6. The method of claim 1 , the at least one action is based at least on real time observations.

7. The method of claim 1 , wherein the object dictionary is based on a training set in which images of a plurality of examples of the objects in the object dictionary are processed by the processor under varied lighting conditions and camera poses to extract and compile feature vector and characteristics data and associate that feature vector and characteristics data with a corresponding object.

8. The method of claim 1 , wherein the object dictionary comprises any of: cables, cords, wires, toys, jewelry, garments, socks, shoes, shoelaces, feces, liquids, keys, food items, remote controls, plastic bags, purses, backpacks, earphones, cell phones, tablets, laptops, chargers, animals, fridges, televisions, chairs, tables, light fixtures, lamps, fan fixtures, cutlery, dishware, dishwashers, microwaves, coffee makers, smoke alarms, plants, books, washing machines, dryers, watches, blood pressure monitors, blood glucose monitors, first aid items, power sources, Wi-Fi repeaters, entertainment devices, appliances, and Wi-Fi routers.

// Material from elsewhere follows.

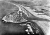 April, 1955. You can see the damage done to the breakwater due to high seas. Photo by Glen Bickford, from Morro Bay's Yesterdays, with permission. |
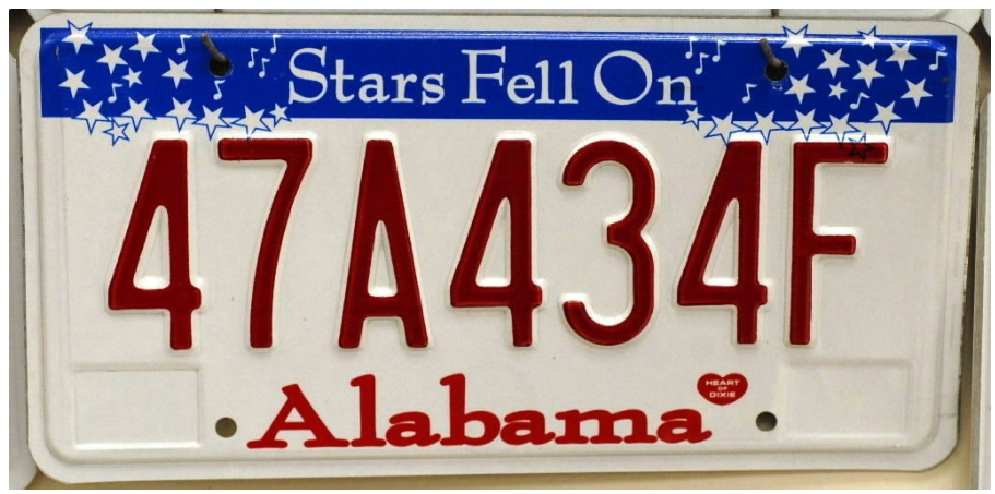2002年,该州将“流星坠落在亚拉巴马”(Stars Fell On Alabama)印制在车牌上,“流星坠落”(Stars Fell On)位于车牌上部,而“亚拉巴马”(Alabama)在车牌下部,带有“迪克西之心”的红心图案缩小位于车牌右下方,如图3-9所示。“流星坠落在亚拉巴马”的使用,要追溯到1833年11月12—13日,那时该州整个东南部,晚上出现大面积狮子座流星雨,成千上万的流星划破苍穹,照耀大地,这一奇观让人们很兴奋,以致民间有各种传说,多年来被广为传颂。1934年,卡尔·兰森·卡默出版自传《流星坠落在亚拉巴马》;同年,盖伊·伦巴多乐队录制与该书同名的歌曲。该歌曲又先后被包括鲍勃·迪伦在内的百余位歌手传唱。受此书与歌曲的启发,2002年,“流星坠落在亚拉巴马”被印制在该州车牌上。

9. The method of claim 1 , further comprising: determining, by the processor of the robot or via the cloud, distances to objects in the captured images; identifying, by the processor of the robot or via the cloud, an opening in the workspace based on the distances to objects; and segmenting, by the processor of the robot or via the cloud, the workspace into subareas based on at least a position of one opening in the workspace.

10. The method of claim 1 , further comprising: identifying, by the processor of the robot or via the cloud, a particular person or pet using facial recognition techniques.

11. The method of claim 1 , wherein the at least one sensor comprises at least one of: an optical tracking sensor, an imaging sensor, an inertial measurement unit, an odometry encoder, and a gyroscope.

12. The method of claim 1 , wherein capturing movement data comprises: capturing, by an optical tracking sensor, a plurality of images of surfaces within a field of view of the optical tracking sensor while the robot moves within the workspace; obtaining, by the processor of the robot or via the cloud, the plurality of images; determining, by the processor of the robot or via the cloud, linear movement of the optical tracking sensor based on the plurality of images captured, wherein linear movement of the optical tracking sensor is equivalent to linear movement of the robot; and determining, with the processor of the robot or via the cloud, rotational movement of the robot based on the linear movement of the optical tracking sensor.

13. The method of claim 1 , wherein capturing movement data comprises: capturing, by at least one sensor, second movement data of the robot from a previous position to a current position; and correcting, by the processor of the robot or via the cloud, the movement data based on a translation vector of the second movement data describing movement of the robot from the previous position to the current position to account for error in the movement data caused by slippage of the robot.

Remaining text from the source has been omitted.